PREDICTING CREDIT RISK DEFAULT
By Adesile Ajisafe, PhD CEng MIMechE
The problem lies in predicting a binary outcome, with 1 indicating default on loan versus 0 for non-default. Target attribute is already derived and present in the dataset under the name “Default”.
This is a standard supervised classification task:
Supervised: The labels are included in the data and the goal is to train a model to learn to predict the labels from the features
Classification: The label is a binary variable, 0 (will repay loan), 1 (will default)
The target variable exists in this dataset under the name “default” and indicates if clients have difficulties in meeting loan payment.
In total we have 307511 records and 97columns
Most of the features are Binary, Float values, or categorical
There are lot of missing values within some features
Data head showing first 11 entries of 307511 for the first five columns
Exploratory Data analysis (EDA)
EDA – Examine the Distribution of the Target Column
Percentage of Defaulters is 8.07%. Case of Imbalanced dataset.
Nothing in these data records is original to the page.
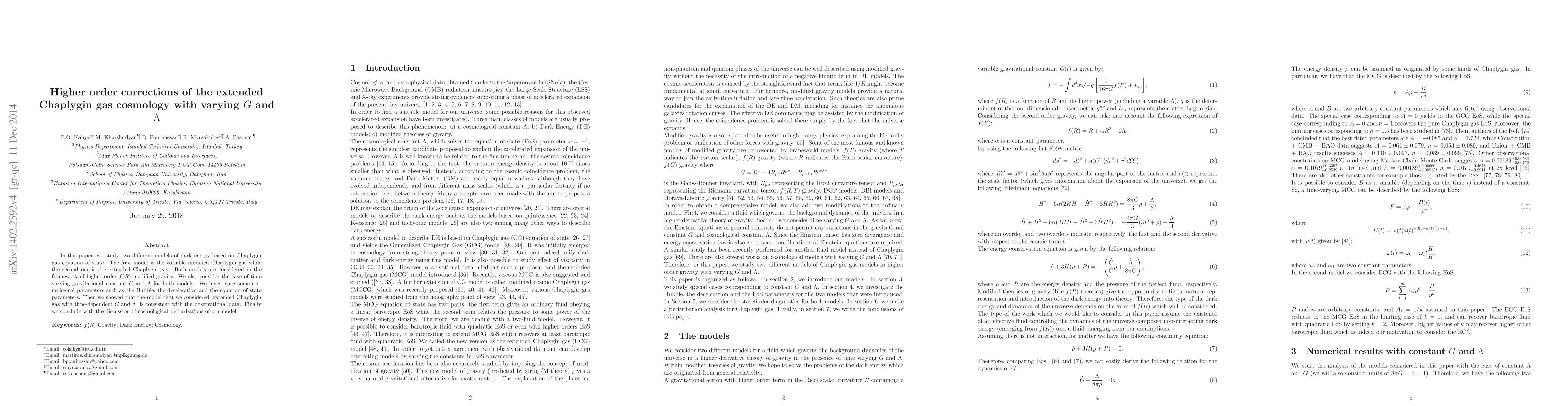 In this paper, we study two different models of dark energy based on Chaplygin gas equation of state. The first model is the variable modified Chaplygin gas while the second one is the extended Chaplygin gas. Both models are considered in the framework of higher order $f(R)$ modified gravity. We also consider the case of time varying gravitational constant $G$ and $\Lambda$ for both models. We investigate some cosmological parameters such as the Hubble, the deceleration and the equation of state parameters. Then we showed that the model that we considered, extended Chaplygin gas with time-dependent $G$ and $\Lambda$, is consistent with the observational data. Finally we conclude with the discussion of cosmological perturbations of our model.
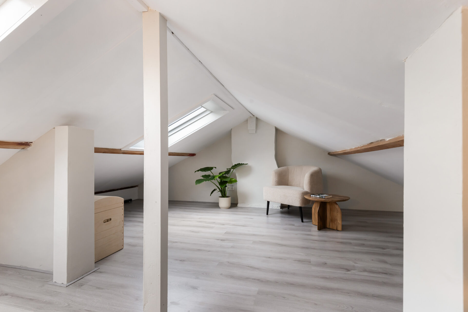 Op de eerste verdieping bevinden zich drie verzorgde slaapkamers, waarvan één met balkon aan de achterzijde. De moderne badkamer is voorzien van een inloopdouche, tweede toilet en vloerverwarming. De tweede verdieping biedt een ruime bergzolder met wasmachineaansluiting en veel opbergruimte.
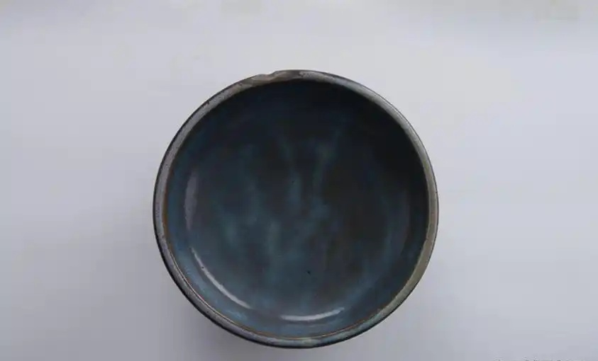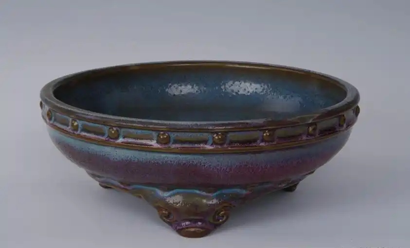 口径23.8厘米、底径17.5厘米、高9.1厘米 。此钧窑鼓式瓷洗为1962年青岛市文物商店在山东乳山收购,1965年12月27日,入藏青岛市博物馆。洗直口,成鼓式,浅弧壁。口沿延边凸起弦纹两周,外壁口沿下和近底部饰有两周等距离的乳钉纹,上周二十个,下周十八个。胎体厚而匀称,釉层肥厚滋润,通体内外施釉,洗的外壁釉层肥厚呈玫瑰紫色,器内为天蓝色釉,有蚯蚓走泥纹及桔皮纹。洗平底,底釉敷涂褐色护胎釉,斑驳古拙与莹润釉光对比鲜明,三个兽面足承托洗的主体,底的一侧清晰可见刻有“一”的字款,笔道遒劲,荡漾出独特的时代气息,是典型的宋代钧窑御用贡瓷的代表作品。此钧窑鼓式洗口沿微残,底部有裂纹。

Imbalanced dataset is a scenario where the number of observations belonging to one class is significantly lower than those belonging to the other classes.
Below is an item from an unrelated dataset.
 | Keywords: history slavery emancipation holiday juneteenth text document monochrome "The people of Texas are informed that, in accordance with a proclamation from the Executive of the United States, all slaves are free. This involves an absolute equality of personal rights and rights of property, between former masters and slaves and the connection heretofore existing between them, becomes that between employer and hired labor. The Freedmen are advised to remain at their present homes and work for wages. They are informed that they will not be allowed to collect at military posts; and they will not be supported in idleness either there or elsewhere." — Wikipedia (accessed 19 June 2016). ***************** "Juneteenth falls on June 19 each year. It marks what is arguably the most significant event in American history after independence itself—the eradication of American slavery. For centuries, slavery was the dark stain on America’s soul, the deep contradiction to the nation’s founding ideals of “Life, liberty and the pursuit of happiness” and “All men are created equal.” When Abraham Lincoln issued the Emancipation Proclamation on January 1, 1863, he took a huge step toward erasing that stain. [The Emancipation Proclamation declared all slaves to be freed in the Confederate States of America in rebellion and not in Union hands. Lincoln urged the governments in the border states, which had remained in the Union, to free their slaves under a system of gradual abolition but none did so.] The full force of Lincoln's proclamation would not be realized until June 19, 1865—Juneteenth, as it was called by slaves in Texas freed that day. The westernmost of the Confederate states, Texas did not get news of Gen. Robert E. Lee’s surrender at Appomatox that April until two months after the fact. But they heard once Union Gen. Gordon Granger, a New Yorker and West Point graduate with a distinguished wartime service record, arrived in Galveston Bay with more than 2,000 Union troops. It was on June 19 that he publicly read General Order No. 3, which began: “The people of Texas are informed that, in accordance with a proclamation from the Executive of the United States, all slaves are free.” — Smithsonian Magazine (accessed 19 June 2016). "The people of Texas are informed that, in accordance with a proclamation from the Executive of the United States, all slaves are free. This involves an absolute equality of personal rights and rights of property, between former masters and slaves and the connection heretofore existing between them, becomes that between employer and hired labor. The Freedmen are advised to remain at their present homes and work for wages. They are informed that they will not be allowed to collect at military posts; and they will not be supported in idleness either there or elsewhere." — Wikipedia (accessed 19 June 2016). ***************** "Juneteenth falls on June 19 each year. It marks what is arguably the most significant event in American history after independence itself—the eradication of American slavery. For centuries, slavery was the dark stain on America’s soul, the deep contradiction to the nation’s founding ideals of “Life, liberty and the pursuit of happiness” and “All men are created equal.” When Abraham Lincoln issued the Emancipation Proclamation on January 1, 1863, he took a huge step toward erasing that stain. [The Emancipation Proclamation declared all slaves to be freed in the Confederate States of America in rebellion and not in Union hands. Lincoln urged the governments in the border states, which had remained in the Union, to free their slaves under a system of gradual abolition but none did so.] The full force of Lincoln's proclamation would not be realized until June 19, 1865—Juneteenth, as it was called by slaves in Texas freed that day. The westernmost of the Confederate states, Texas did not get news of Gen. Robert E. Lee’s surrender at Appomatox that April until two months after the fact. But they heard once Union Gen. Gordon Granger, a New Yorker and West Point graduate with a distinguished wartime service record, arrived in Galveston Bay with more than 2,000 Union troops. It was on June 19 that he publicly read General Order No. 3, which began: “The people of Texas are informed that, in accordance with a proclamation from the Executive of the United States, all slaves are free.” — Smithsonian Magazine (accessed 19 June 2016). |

EDA– examine null values in data
From my NA analysis, most of the attributes have some missing records, whereas default attribute has none.
The attributes with missing values >=40% where drop for the Dataset
EDA– attributes with >= 40% missing values
As external score 1 has no data. External score 1 and 2 were examined see if they have any correlation with the target attribute.
Correlation heatmap shows a negative correlation of external score 1 and 2 with attributes with the target(default). Therefore, dropped from the dataset.
From an educated guess we can say that age should be negatively correlated with default rate since older people possess higher income. We need to bring age variable to a positive value and see its distribution Converting “age” to years to give a clearer picture. To show the effect of age on default I used kernel density plot. As can be seen, the non-return rate is higher for younger people and decreases with age.
The Bar chart shows that women clients are almost twice as many men, whereas men show a much higher risk.
EDA– total income
Correlation matrix of selected feature
Missing Data Imputation- As the first step median imputation method was chosen because omitting records with missing data could result in losing valuable information. Method is also beneficial because it overcomes the effects of skewed data with outliers.
Scaling- Data was scaled so that their mean is concentrated around zero and standard deviation is 1. Variables with huge ranges may create bias in the predictive analysis, therefore we need to get values closer to each other.
Correcting Negative values- For example, attribute “age” mostly represented negative values in days in the dataset. Therefore, all “days” variables were changed into absolute terms and represented them in years for clearer perception.
The ultimate aim of EDA is to gain insight into the datasets that enables us to choose features that have high correlations with the target variable for our machine learning model and evaluation.